[Recorded data]
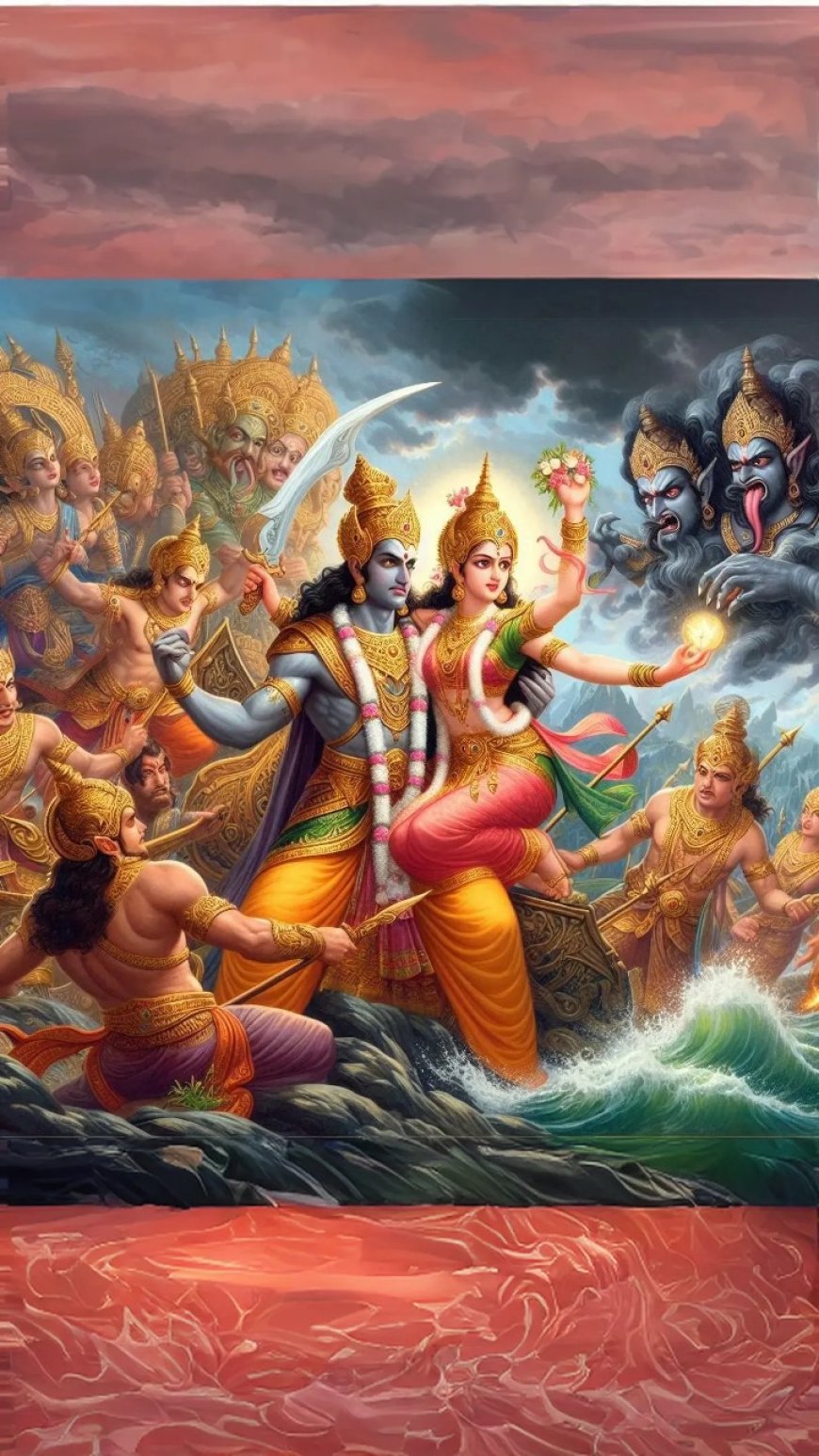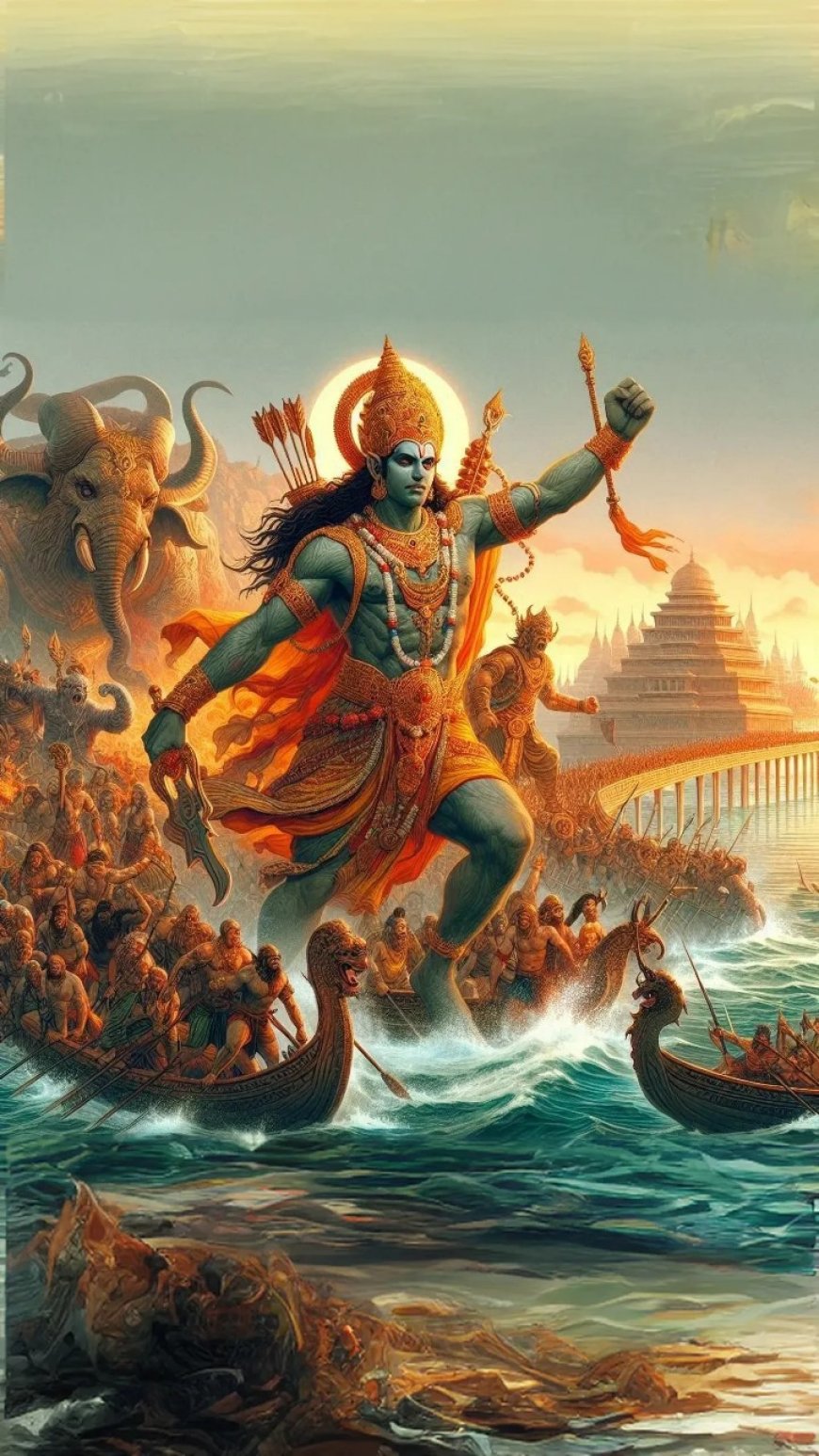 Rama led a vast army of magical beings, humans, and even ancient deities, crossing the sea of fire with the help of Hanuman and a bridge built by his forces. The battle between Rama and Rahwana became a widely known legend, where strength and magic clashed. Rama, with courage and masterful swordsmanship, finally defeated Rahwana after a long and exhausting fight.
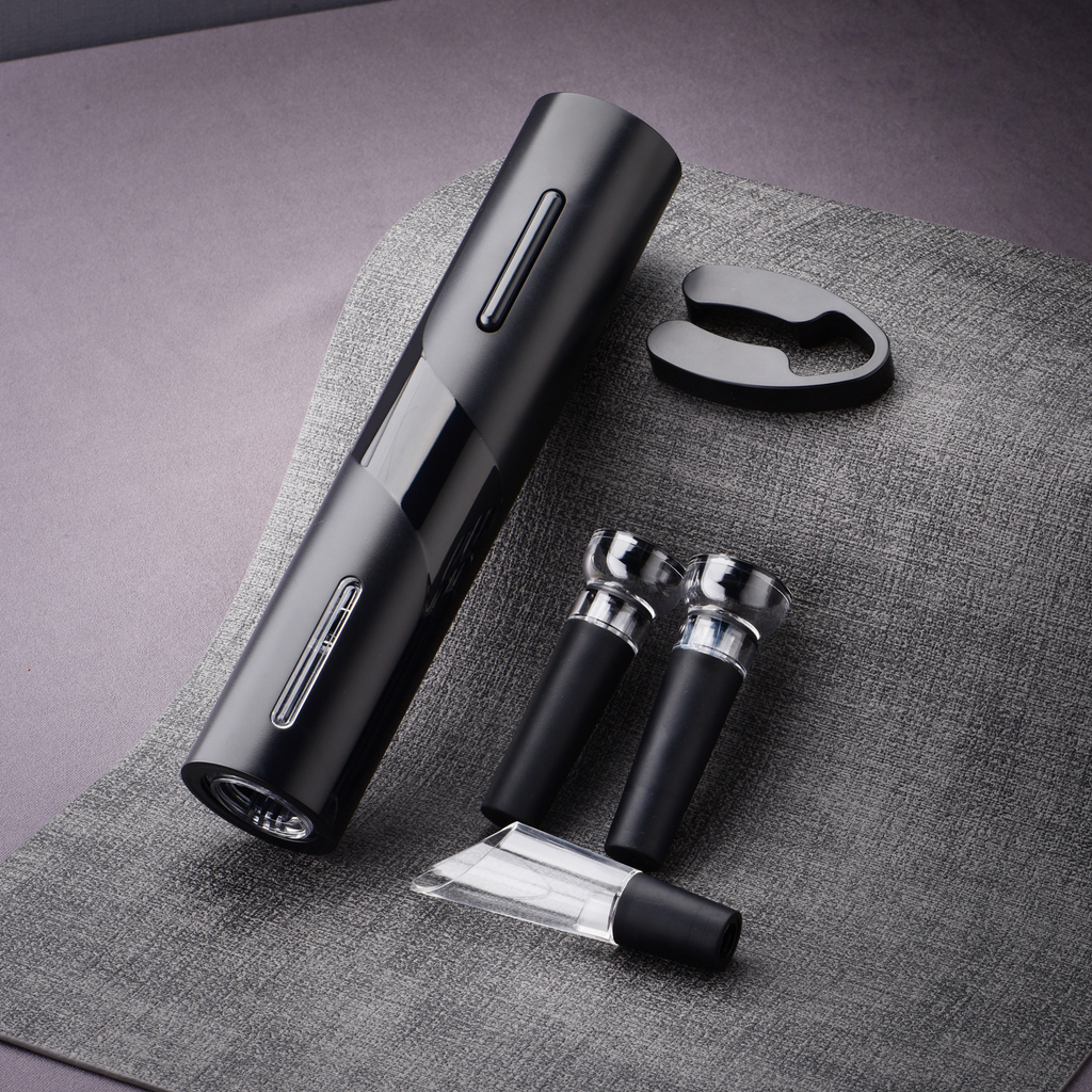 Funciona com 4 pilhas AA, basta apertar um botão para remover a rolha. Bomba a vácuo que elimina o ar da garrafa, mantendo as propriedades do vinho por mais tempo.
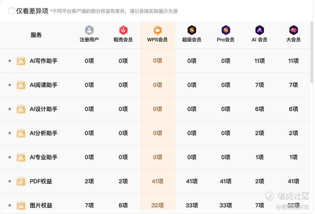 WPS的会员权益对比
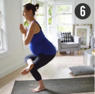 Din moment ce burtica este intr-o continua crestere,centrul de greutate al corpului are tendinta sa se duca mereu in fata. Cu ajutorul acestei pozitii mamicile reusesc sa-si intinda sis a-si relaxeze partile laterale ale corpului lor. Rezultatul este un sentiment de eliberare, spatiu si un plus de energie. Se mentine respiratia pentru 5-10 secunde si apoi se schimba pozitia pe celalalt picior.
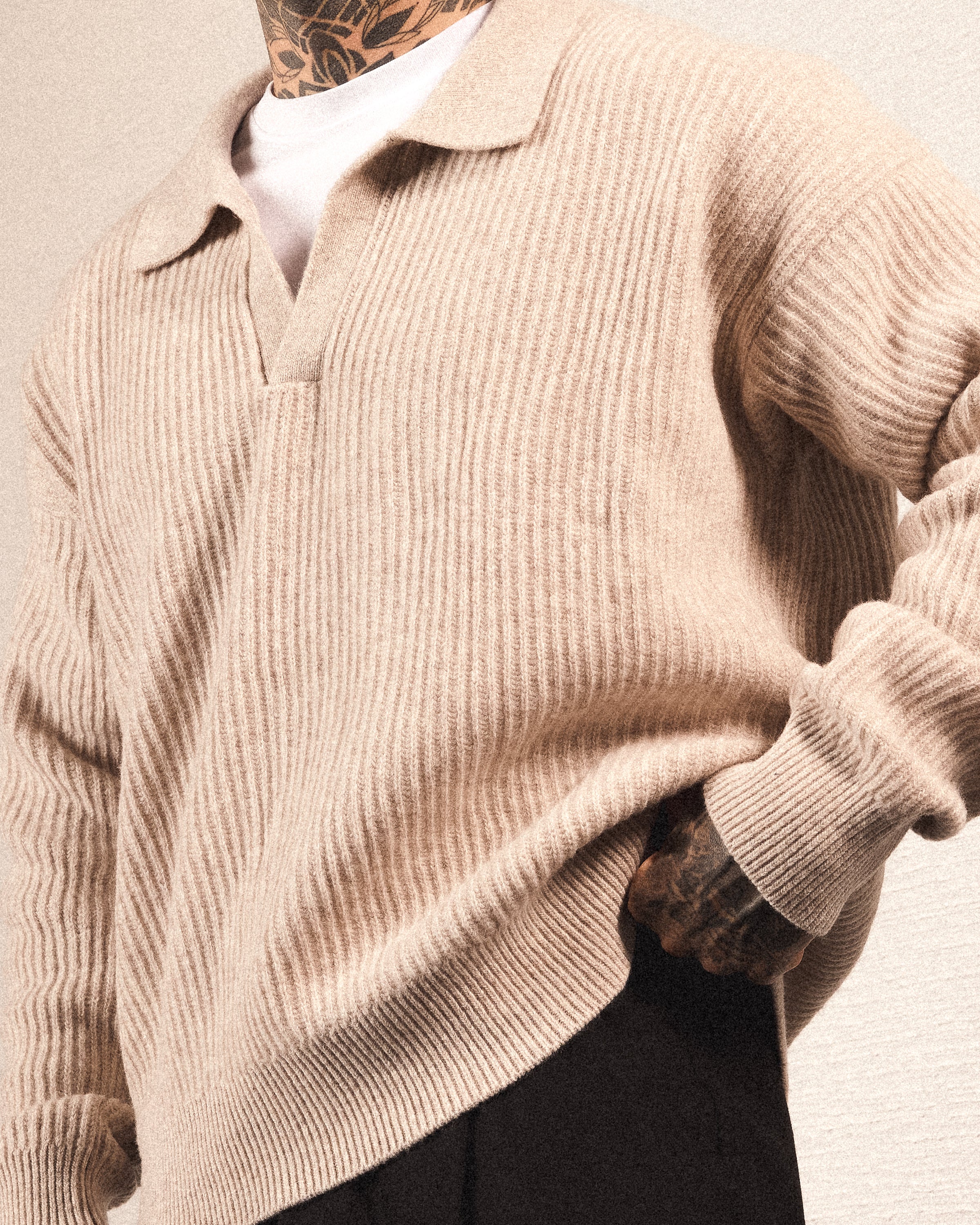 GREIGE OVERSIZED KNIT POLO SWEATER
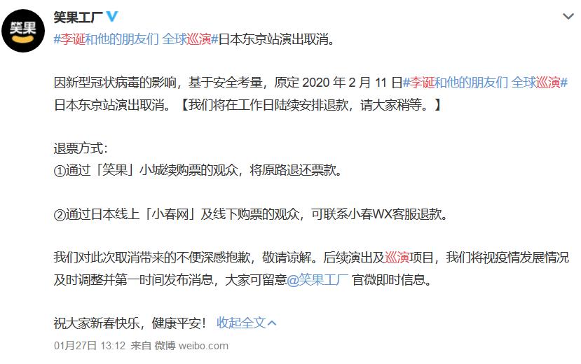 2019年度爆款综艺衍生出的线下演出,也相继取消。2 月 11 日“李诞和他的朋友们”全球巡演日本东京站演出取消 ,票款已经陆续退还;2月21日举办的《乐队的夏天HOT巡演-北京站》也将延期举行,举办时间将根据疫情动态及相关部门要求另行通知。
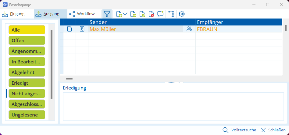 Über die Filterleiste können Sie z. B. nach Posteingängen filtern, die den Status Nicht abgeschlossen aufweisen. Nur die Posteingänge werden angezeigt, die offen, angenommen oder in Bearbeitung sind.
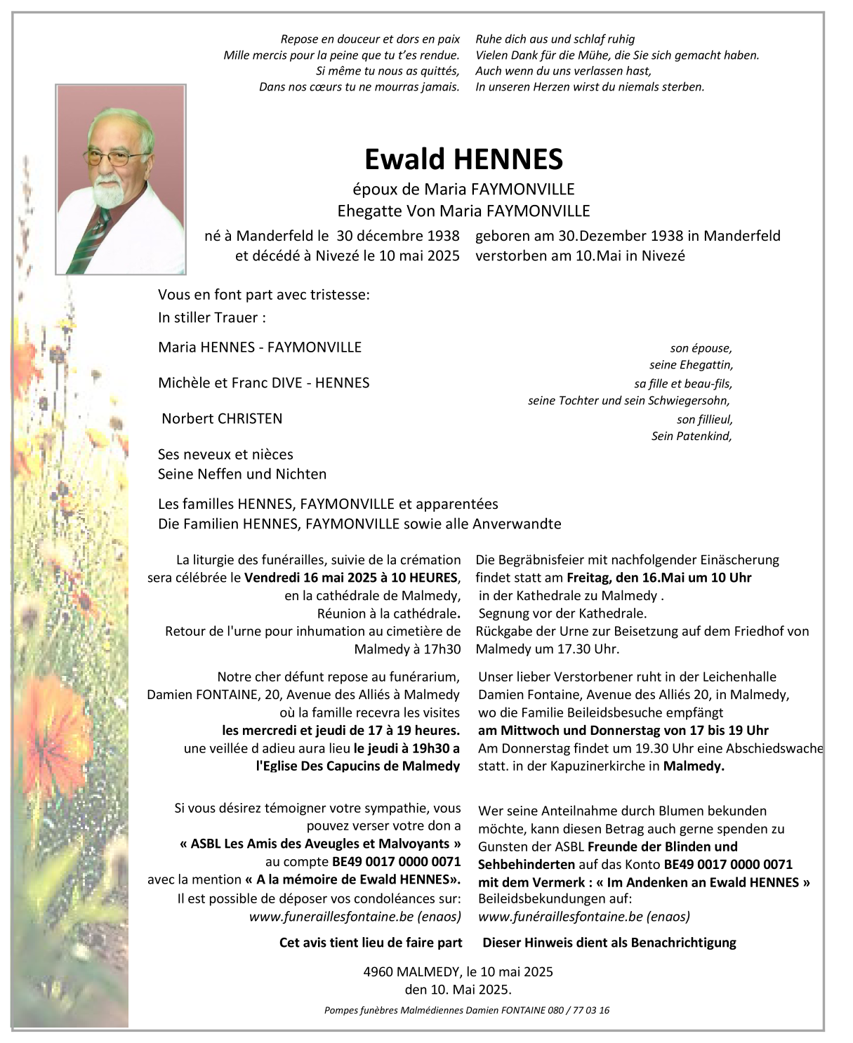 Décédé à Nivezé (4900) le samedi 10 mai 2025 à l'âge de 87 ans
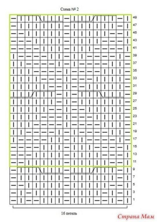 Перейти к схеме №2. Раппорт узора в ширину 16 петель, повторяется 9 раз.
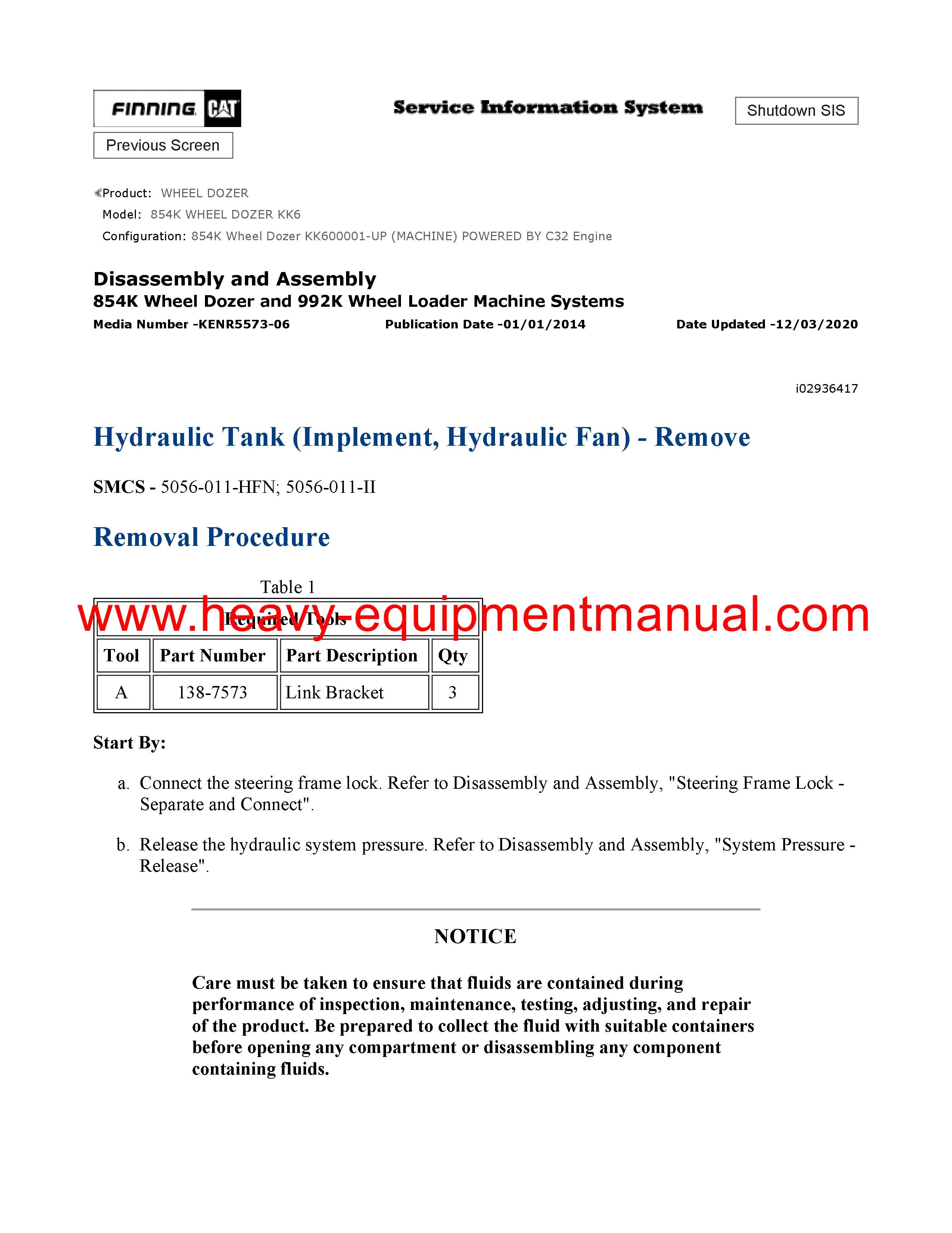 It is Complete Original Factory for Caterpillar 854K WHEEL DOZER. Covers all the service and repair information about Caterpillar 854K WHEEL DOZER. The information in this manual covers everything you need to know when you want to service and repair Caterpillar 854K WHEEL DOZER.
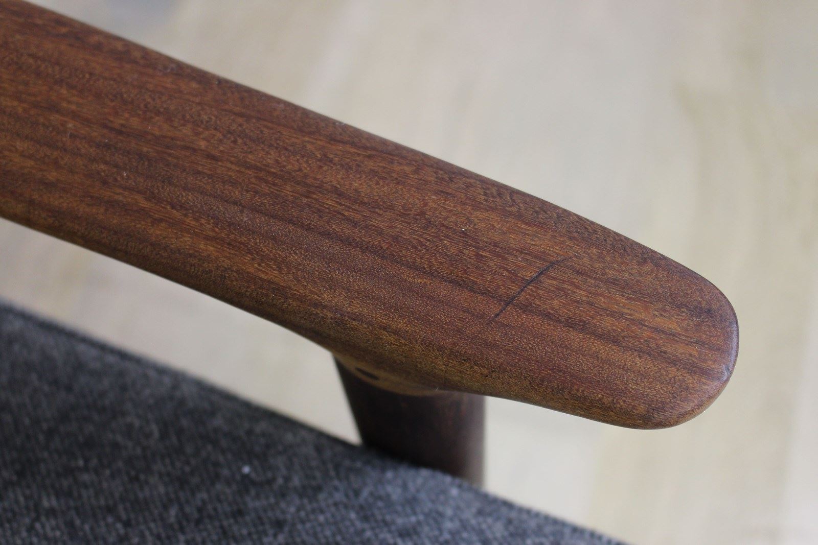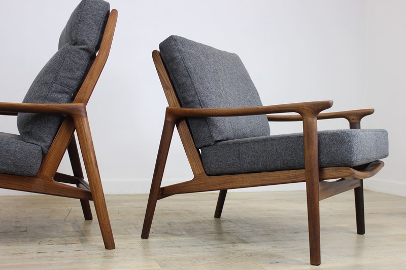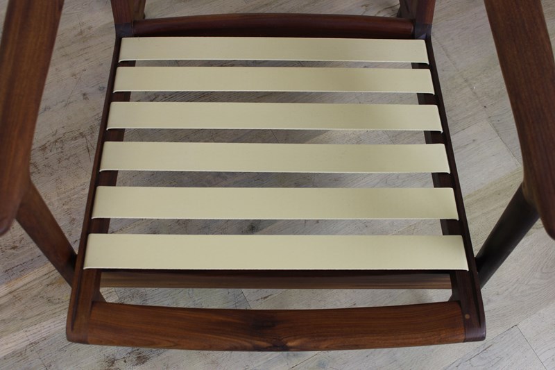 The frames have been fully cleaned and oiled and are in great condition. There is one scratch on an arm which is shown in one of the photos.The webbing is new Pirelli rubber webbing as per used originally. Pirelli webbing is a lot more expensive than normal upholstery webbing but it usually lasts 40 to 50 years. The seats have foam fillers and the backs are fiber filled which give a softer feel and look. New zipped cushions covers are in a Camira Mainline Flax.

● WHAT TO WORK ON
Copy every line exactly, from the opening line of the entries down to the line holding "Перейти к схеме", and keep the pictures out.

● REPLY TO THE EXERCISE
 Rama led a vast army of magical beings, humans, and even ancient deities, crossing the sea of fire with the help of Hanuman and a bridge built by his forces. The battle between Rama and Rahwana became a widely known legend, where strength and magic clashed. Rama, with courage and masterful swordsmanship, finally defeated Rahwana after a long and exhausting fight.
 Funciona com 4 pilhas AA, basta apertar um botão para remover a rolha. Bomba a vácuo que elimina o ar da garrafa, mantendo as propriedades do vinho por mais tempo.
 WPS的会员权益对比
 Din moment ce burtica este intr-o continua crestere,centrul de greutate al corpului are tendinta sa se duca mereu in fata. Cu ajutorul acestei pozitii mamicile reusesc sa-si intinda sis a-si relaxeze partile laterale ale corpului lor. Rezultatul este un sentiment de eliberare, spatiu si un plus de energie. Se mentine respiratia pentru 5-10 secunde si apoi se schimba pozitia pe celalalt picior.
 GREIGE OVERSIZED KNIT POLO SWEATER
 2019年度爆款综艺衍生出的线下演出,也相继取消。2 月 11 日“李诞和他的朋友们”全球巡演日本东京站演出取消 ,票款已经陆续退还;2月21日举办的《乐队的夏天HOT巡演-北京站》也将延期举行,举办时间将根据疫情动态及相关部门要求另行通知。
 Über die Filterleiste können Sie z. B. nach Posteingängen filtern, die den Status Nicht abgeschlossen aufweisen. Nur die Posteingänge werden angezeigt, die offen, angenommen oder in Bearbeitung sind.
 Décédé à Nivezé (4900) le samedi 10 mai 2025 à l'âge de 87 ans
 Перейти к схеме №2. Раппорт узора в ширину 16 петель, повторяется 9 раз.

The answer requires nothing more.